See Also: API vs. Proxy: Understanding How to Get the Best Protection from Your CASB

Is al-Qassam really an independent hacktivist group, as it claims? Does it have connections to a nation-state, such as Iran? Or does it have ties to organized crime? And is there a possibility that it has leased out its botnet to multiple groups?

In this analysis, Information Security Media Group weighs the evidence.

al-Qassam has been waging DDoS attacks against leading U.S. banking institutions and a handful of smaller ones since last September.

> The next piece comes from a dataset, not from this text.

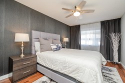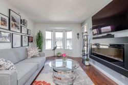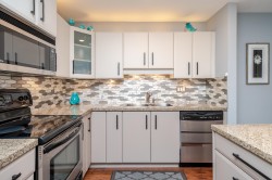 BETTER THAN NEW! This TOP FLOOR 2 beds/2 full bath unit offers 872sf of living space! As you enter you will feel the warmth of this home that has been tastefully updated. Starting with the kitchen that offers a good sized island, all new two toned cabinet doors/hardware, beautiful backsplash, granite counters, & S/S appliances. Main living is flooded w/natural light & features modern wall mounted fireplace + updated modern blinds. 2 good sized bedrooms (both w/new flooring) on opposite sides. Main bath beautifully updated w/new vanity, modern finishing/wallpaper & flooring. Ensuite updated w/ gorgeous new shower, counter, hardware, & flooring. In-suite laundry (updated washer/dryer) + storage room in unit. Great location close to schools, shopping, parks, amenities & future skytrain!

The attacks, designed to disrupt online banking service, have, so far, proven to be more of a nuisance than a malicious threat.

But the launch of this new phase, which was announced July 23, raises new questions about just who is behind Izz ad-Din al-Qassam (see DDoS: Phase 4 of Attacks Launched).

The Group's Message

Since the beginning, al-Qassam has positioned itself as a group of hacktivists - independent attackers who are waging online war against U.S. banking institutions to make a social statement. The group claims the catalyst for the attacks is a movie trailer on YouTube that it deems offensive to Muslims. And because YouTube has not removed links to this trailer, as al-Qassam has asked, al-Qassam is focusing its attack energies on America's core - it's financial foundation.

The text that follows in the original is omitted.